- И кто это был? – Остерман прекратил раскачиваться и выпрямился в кресле.
- Да почем мне знать, - растерялся Ивашка, - Все в масках ходят, рож-то не видно. А записку он не писал.
- И чего же хотел?
- Свободы, ваше сиятельство, - проговорил Трисмегист с долей неодобрения, - Хотя вряд ли был крепостной.
- Мы желаем несбыточного, и мы желаем странного, - Остерман оттолкнулся ногой от пола, и кресло его опять поплыло, как лодка по невидимым волнам, - Но сколько бы осел не странствовал – ему не вернуться домой арабским скакуном. Хотел бы я знать – за какую цену он выкупит свою волю. В любом случае, тот отважный любитель свободы и кровопролитий побывал у тебя последним. Лавочка твоя закрыта.
- А как же хозяйка моя? – вспомнил Ивашка.
- С Нати я договорюсь – в любом случае, хозяйка твоя получила от игры уже все, что хотела. Она не станет тебя задерживать. Куда же отправишься ты дальше, демон библейский?

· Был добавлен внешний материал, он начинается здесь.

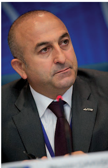
Mevlüt Çavuşoğlu, President of the Parliamentary Assembly of the Council of Europe.

In Bosnia and Herzegovina, we encourage the authorities to make constitutional changes to ensure better political rights for all.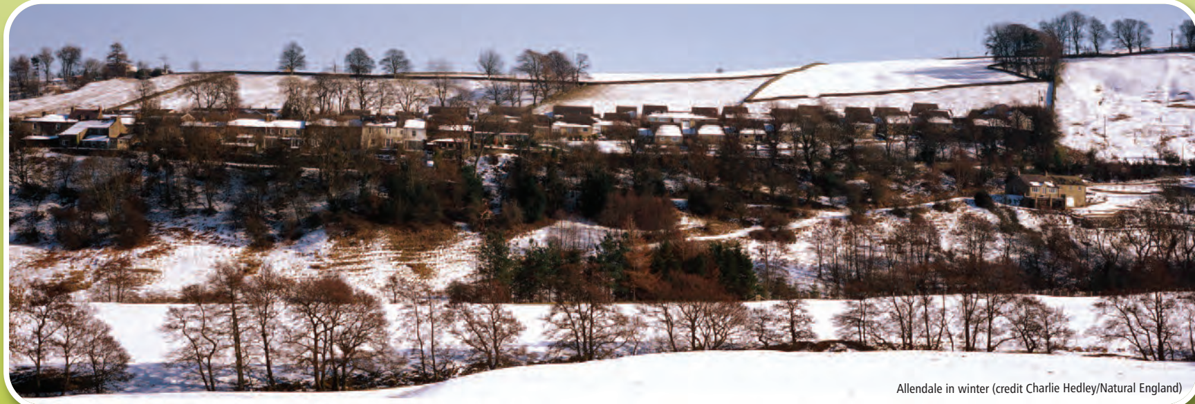
Allendale in winter

Turn left before the buildings at Hindley Wrae and follow the footpath along the valley edge past Asheybank and Harlowbank down to the River West Allen and Blueback Bridge. The Elk's Head sits at the junction with the main road and a short distance to the north along the road is the Whitfield Pantry,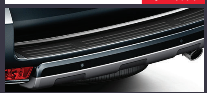
Complete your jeep's smooth flowing lines while creating an extra dimension of sporty looks and personality.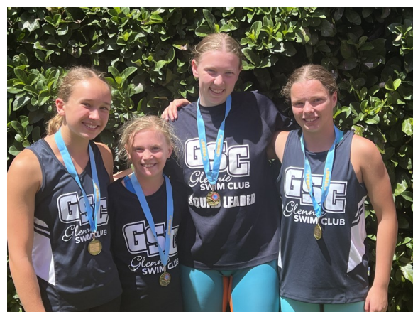
MERV LANCASTER MEMORIAL TROPHY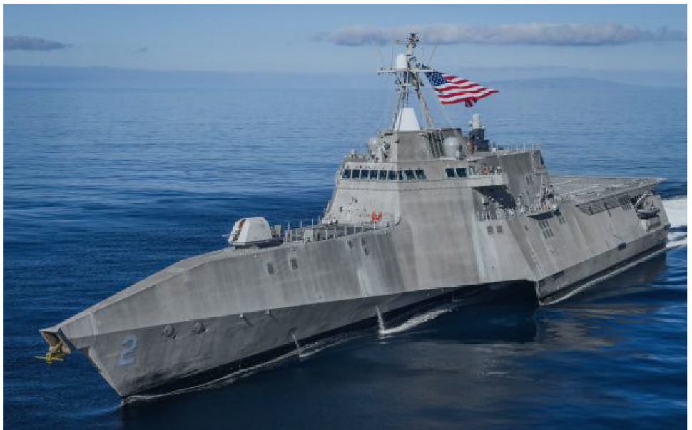
Figure 2: Littoral Combat Ship, Independence Variant

Source: U.S. Navy photo by Chief Mass Communication Specialist Shannon Renfro/Released. | GAO-21-172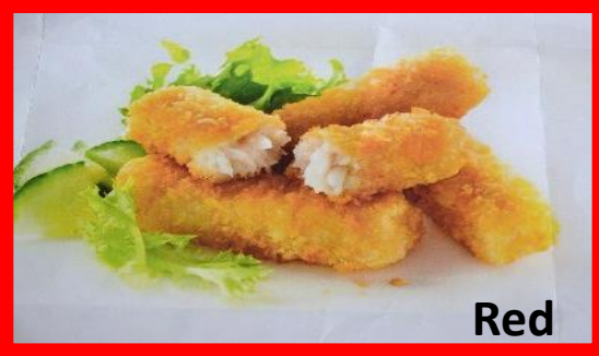
Cod Fish Fingers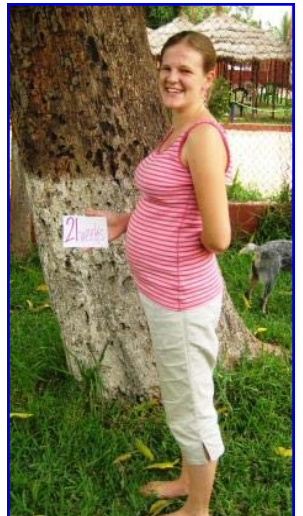
21 weeks-more than half-way! Baby girl is growing like a weed and I am too!

We Want to See You!!! We are going to be coming back to the US at the end of July! We'll be home until early 2011, so if you would like us to speak at your church or small group let us know!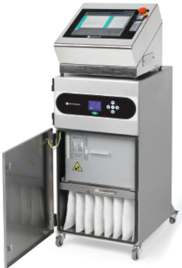
Efficient and effective coding is ensured with the Domino DPX fume extraction system

The S-Series plus range of printers has a direct interface to the Domino DPX for automatic extraction of fumes and particles produced during laser marking. This ensures efficient and cost-effective laser coding as well as safeguarding the production environment and personnel.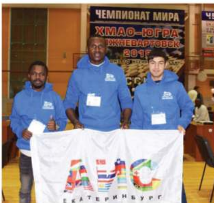
International Student Association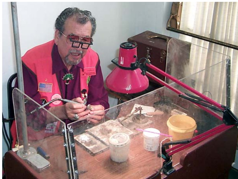
Demonstrator at NOC Show - March 25, 2000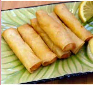
25. Harumaki (6pcs) Vege $6.00 Seafood $6.50 Japanese style mini vege/seafood spring rolls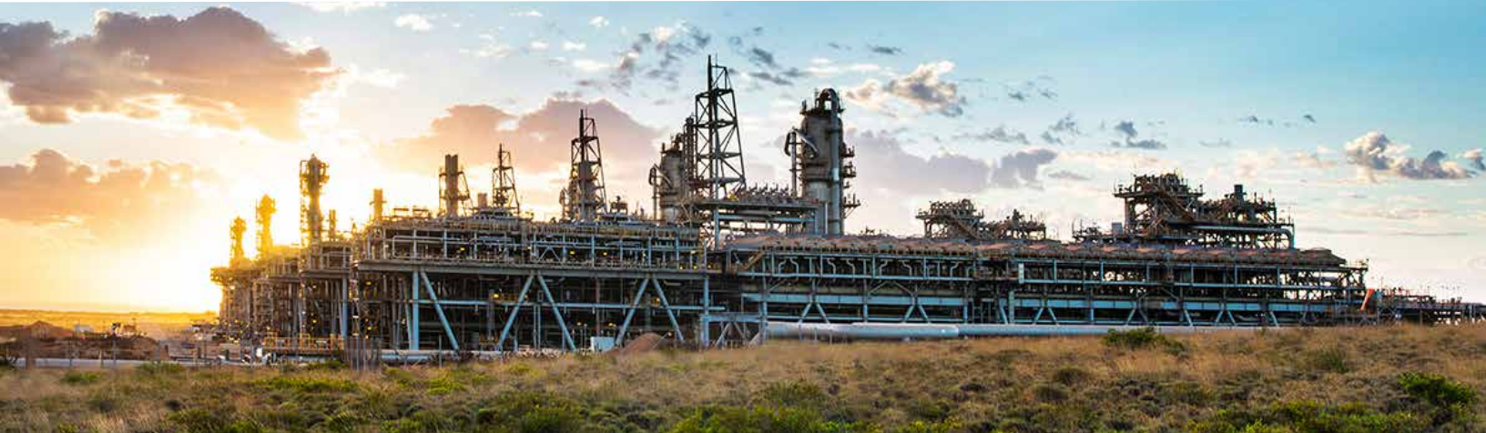
Photo above depicts the Gorgon LNG project, home to the world's largest integrated carbon capture, injection and storage project.

delivering sustainable energy the chevron way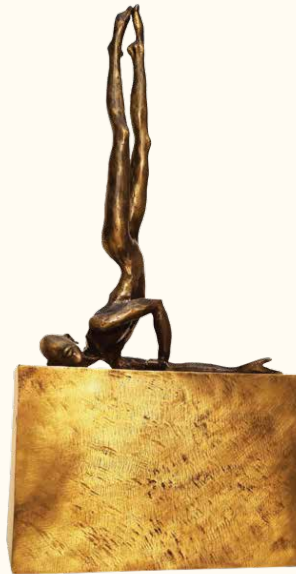
This Side Up | 36" x 13" x 5" | Bronze on Bronze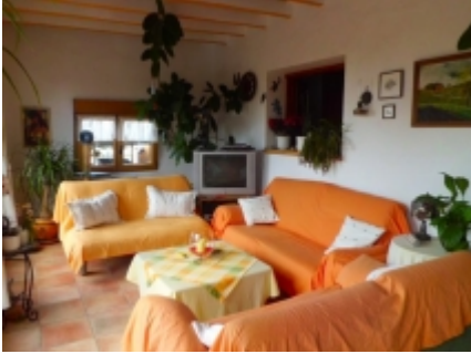
Naya/second living area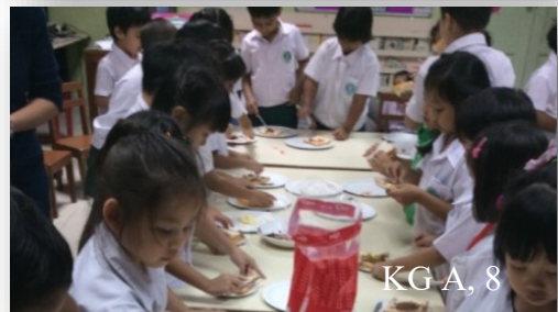
KG A, 8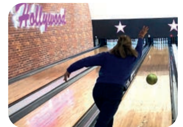
Photo of the Ten Pin Bowling

Bowling starts 12pm at both venues. £7.50 per person for two games each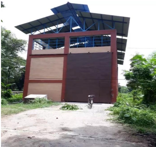
Rajshahi STS-1 Rokeya Hall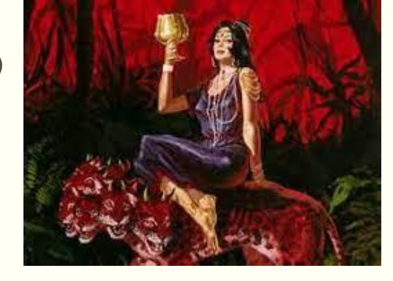
Scarlet and purple are colors worn by the pope, cardinals, bishops and archbishops of Rome

Scarlet is the color of blood, oppression and persecution of the saints of God

- В Несебр болгарский поеду, дядька у меня там, - смущенно пробасил Трисмегист, - Немного в Москве еще побуду – есть тут вдова одна…А потом и отправлюсь с богом.
Остерман не слушал его, глядел в окно – капли дождя стекали по стеклу, как слезы, и деревья в графском саду стояли, печально поникшие. Меж деревьев бродил садовник, в плаще с капюшоном, и в большую корзину собирал из травы падалицу. Так и смерть собирает с грешной земли созревшие плоды – сравнение банальное, но тем не менее верное.
Срок у Лупы был в ноябре, но дочка родилась на два месяца раньше – быть может, от переживаний, из-за неудачной премьеры. Яков сам принял роды, на пару с холопской акушеркой – ребеночек родился хилый, и вряд ли стоило надеяться, что задержится на свете.
Вместе с младенцем роженица перебралась из холодного флигеля – на теплые антресоли, и Яков мог отныне навещать своих пациентов, хоть каждый день. Он и приходил каждый день – смотрел, как Лукерья кормит малышку, и потом ходит с нею по комнате, держа младенца столбиком и поглаживая по спинке – чтоб молоко улеглось, и живот не болел. Они почти не разговаривали – Лупа и Яков – и доктору вспоминались порою два чемберлена, глядевшие друг на друга, как в зеркало, с веселым отчаянием – вместе быть им нельзя, абсолютно невозможно, но никак и не отвести глаз…
Ван Геделе знал, что будет с ними дальше, но старался не думать – чем же все кончится, и жил той единственной, отпущенной ему минутой. Иногда он приходил в комнату, заслышав детский плач – Лупа спала, и доктор сам брал из люльки капризную девочку, и ходил с ней по комнате, укачивал, и по-фламандски уговаривал не плакать. Она была легкая, очень легкая, и хрупкая, как птичка, с такими же невесомыми, словно полыми, косточками, и Лупа дала уже имя ей – Аня – и Яков жалел, что все это ненадолго, и Аня ненадолго, и эта жизнь, как и жизнь бедного его де Лиона, однажды иссякнет, протечет у него между пальцами, и он не в силах станет – удержать.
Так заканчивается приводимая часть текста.